Image above: Two vehicles take 14 parking spaces to camp in Walmart's parlking lot overnight. From (http://joysofdickandjune.wordpress.com/2011/02/21/yesyes-you-can-park-at-wal-marts-overnight).
 
Apparently one Walmart isn't cool with people squatting in its parking lot.

Dozens of workers who have flocked to Williston, North Dakota to benefit from the region's oil boom have been living in tents and trailers for months outside of a local Walmart, but last Monday, the retail chain's management told the squatters to go or be towed, The Bismarck Tribune reports. Lines of RVs accommodated workers shoulder-to-shoulder but after receiving a variety of complaints, including from female customers who said they feared walking through the camp to shop, Walmart officials say they've had enough.

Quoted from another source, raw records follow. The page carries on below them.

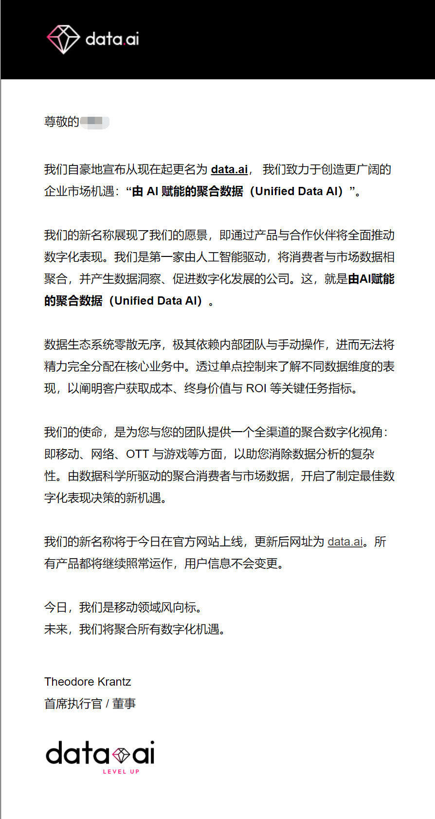 首先在强调更多互联网公司元宇宙布局及元宇宙新品牌的创立之外,我们先来说一则看起来与元宇宙无关的消息——知名数据分析机构App Annie近日宣布改名data.ai,定位是“由AI赋能的聚合数据”,宣称是第一家由人工智能驱动,将消费者与市场数据相聚合,并产生数据洞察、促进数字化发展的公司。
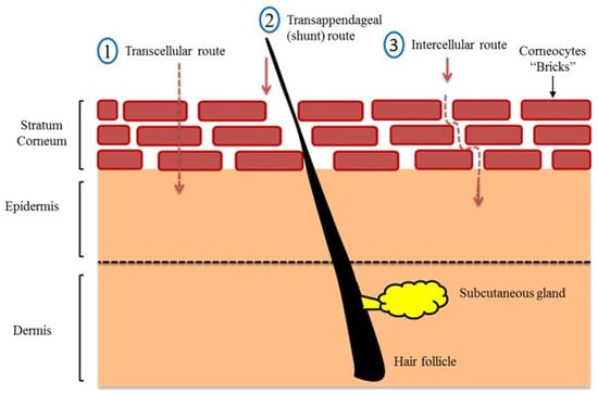 Three main passive routes were identified for drug penetration into the human skin (Figure 2). These are the transcellular (intracellular) pathway, the shunt pathway via hair follicles and sweat glands, and the intercellular pathway [30]. Although the intracellular route appears to be the shortest, it requires crossing through tightly confluent corneocytes and successive partitioning into intercellular lipid bilayers, which slows the penetration of hydrophobic actives through this route. The shunt pathway was thought to be a minor contributor to drug absorption, as the skin appendages only occupy 0.1% of the total human skin. However, it has recently been shown that this route is a potential (significant) transport for a variety of compounds ranging from charged molecules to nanomaterial [31,32,33]. In this regard, most topically applied hydrophilic and amphiphilic actives permeate across the skin via intercellular (tortuous) route, i.e., via the lipid matrix [10,26,34,35]. Changing the lipid composition of human epidermis has shown to dramatically increases water diffusion through human skin [36,37]. After the active release from the formulation and partition into SC, it diffuses via lipid matrix and reaches an interface where it passively undergoes partition from SC lipid into aqueous viable epidermis followed by diffusion through viable epidermis and hydrophilic dermis at the DEJ. Then the active compound can be absorbed into systemic circulation via a dermal capillary network [38].
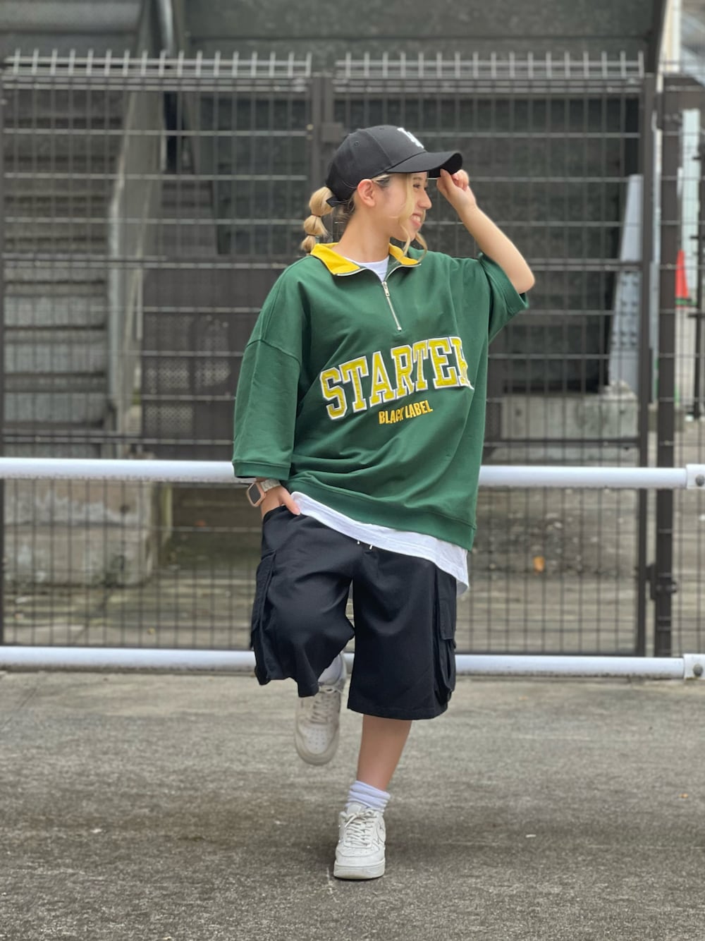 ハーフジップにカーゴショーツ合わせてみました☺️ 緑と黄色の配色が可愛くて好きです😚

"It's just not appropriate for people to be living in our parking lot," Walmart spokeswoman Kayla Whaling told The Bismarck Tribune.

And it seems that the town's residents agree.

"Walmart is hell. You just don't want to go there," said one member of the Nehring family, a group of sisters who have been featured in a reality TV show Boomtown Girls that's being shopped to networks like TLC and MTV. "You can't find anything because it's all cleared out," another Nehring sister explains.

The camp is just one result of a huge population influx into Williston, thanks to a promise of plentiful -- and well-paid -- work in the oil industry. North Dakota currently boasts the lowest unemployment rate in the nation at 3.3 percent.

No doubt because of that, housing has become scarce in the town and the apartments that are available have seen huge jumps in rent, with prices sometimes increasing threefold. More than 1,000 longtime Williston residents have abandoned the town in the past two years due to crowding and the boost in living expenses.
The oil rush has had other negative impacts as well. Drunken bar fights have become more common as workers try to blow off steam after long hours. Charges of Driving Under the Influence have also grown more typical, while instances of theft more than doubled in 2011 compared to the year before.

Exotic dancing has also become a thriving industry in the town, with some strippers making up to $3,000 per night in tips alone. The popularity of the clubs may be due in part to the low ratio of women to men in the town, which may explain why some are "feeling like a piece of meat" in Walmart's parking lot, as one Nehring sister put it.